A word-for-word copy of the listing is what's needed; leave out every image.

> MATERIAL PROVIDED
= = = =
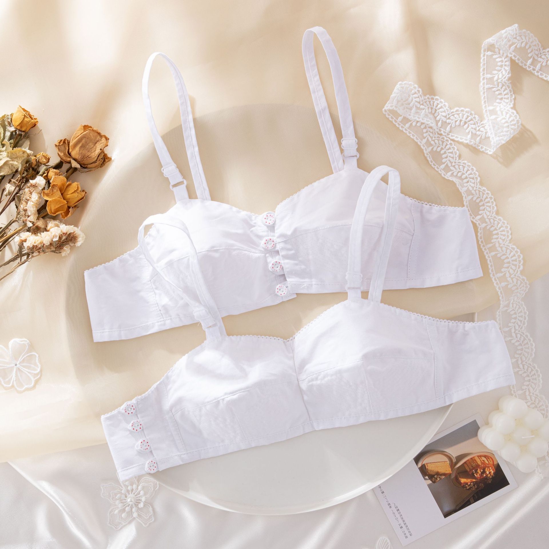 엄마를 위해 얇은 브래지어를 플러스 사이즈 강철 고리가없는 중년 및 노인 앞 버클 용 구식 흰색면 앞 버클 브라스토어 가기
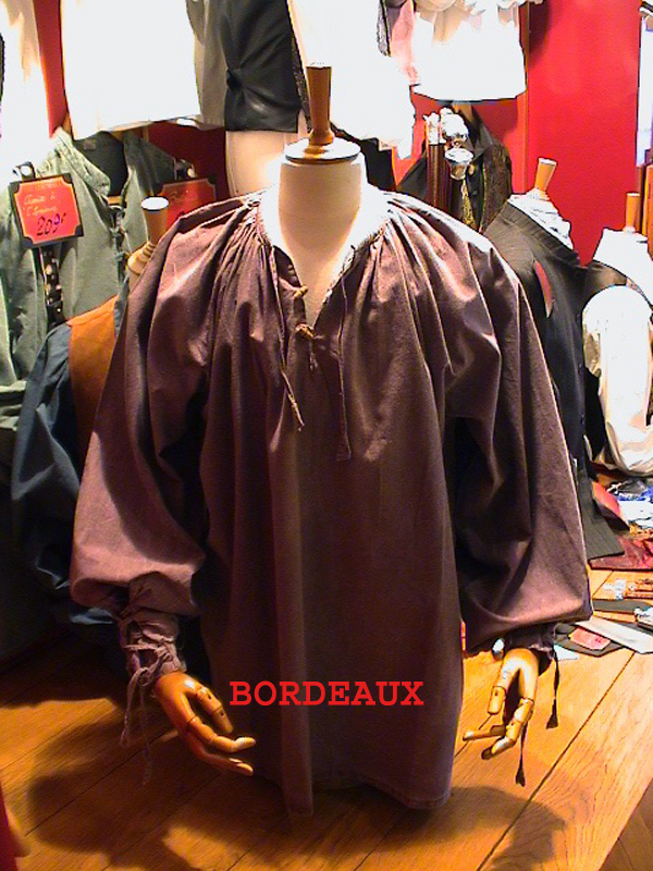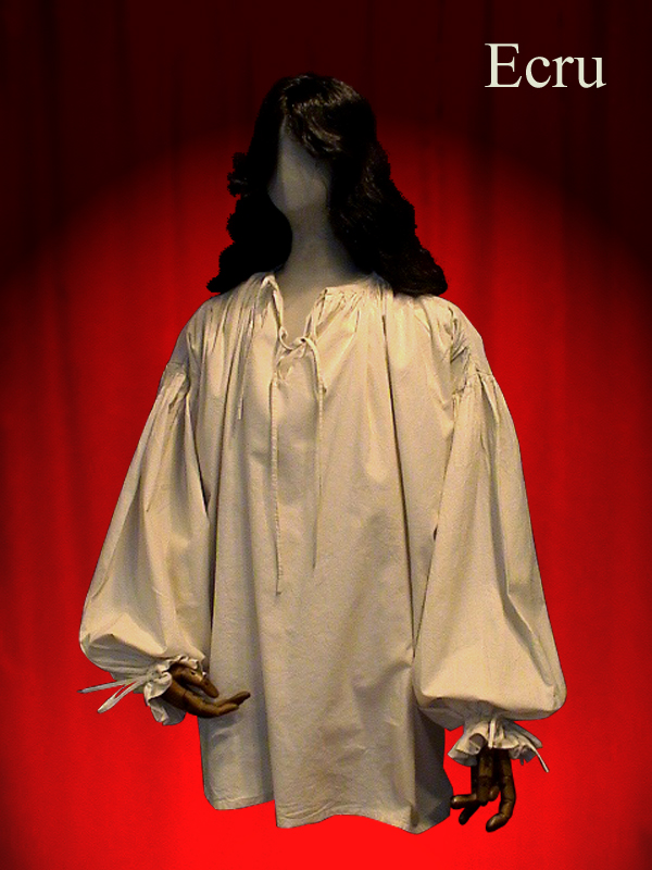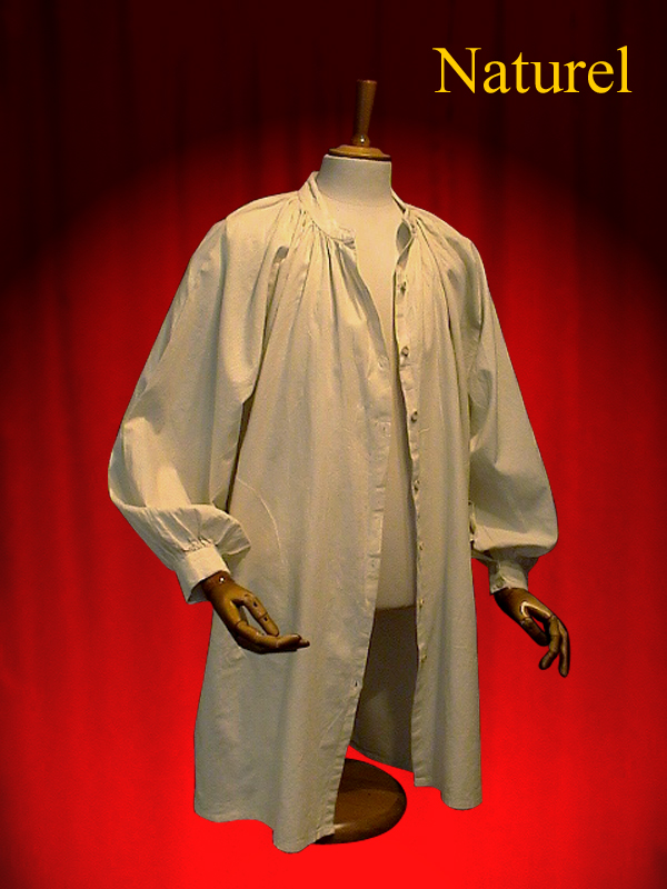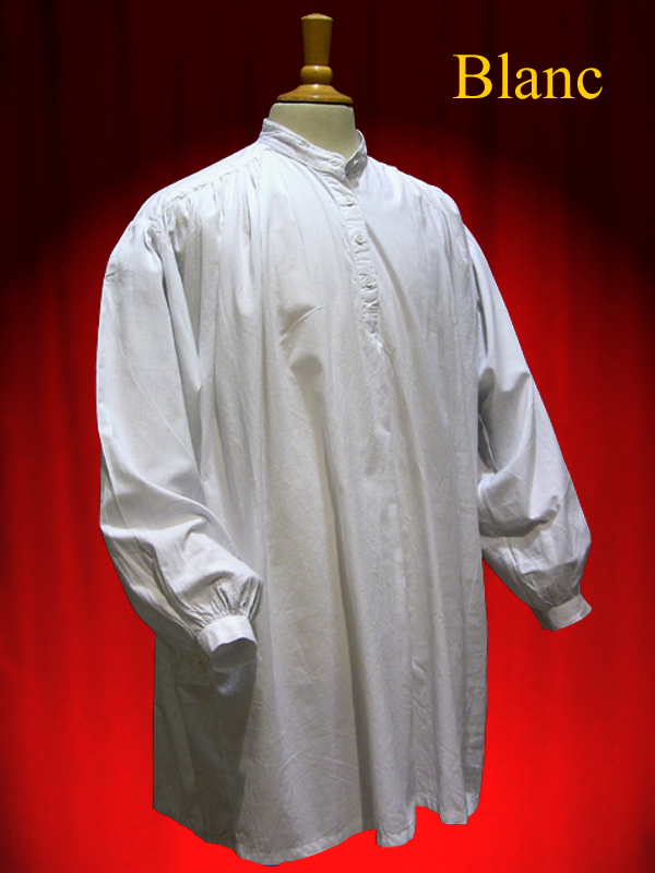 Blouses et chemise sans col de peintres, à l'ancienne. Hommes et femmes. Chemise ample, froncée, manches bouffantes. Col ras. Théâtre, reconstitution, GN.
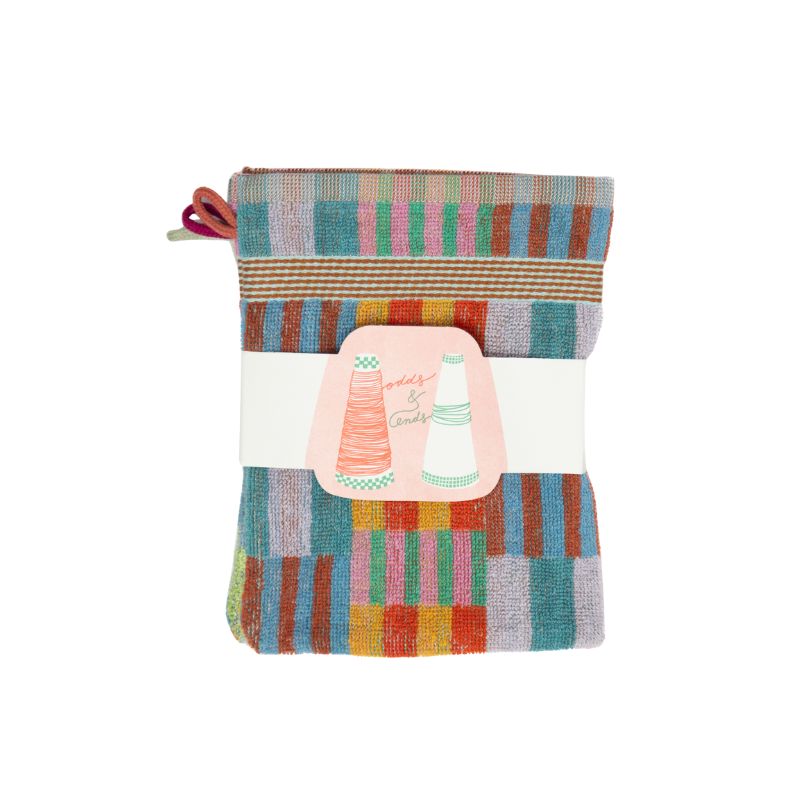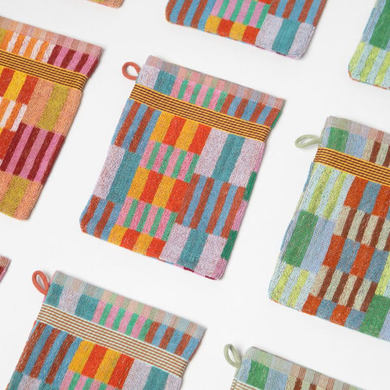 When factories dye yarns to weave textiles, they often make extra – just in case – but these often go unused. Odds & Ends washcloths are designed to make the most of these leftovers, creating beautiful and unexpected colour combinations.
= = = =
> RESULT FOR THIS EXERCISE
 엄마를 위해 얇은 브래지어를 플러스 사이즈 강철 고리가없는 중년 및 노인 앞 버클 용 구식 흰색면 앞 버클 브라스토어 가기
 Blouses et chemise sans col de peintres, à l'ancienne. Hommes et femmes. Chemise ample, froncée, manches bouffantes. Col ras. Théâtre, reconstitution, GN.
 When factories dye yarns to weave textiles, they often make extra – just in case – but these often go unused. Odds & Ends washcloths are designed to make the most of these leftovers, creating beautiful and unexpected colour combinations.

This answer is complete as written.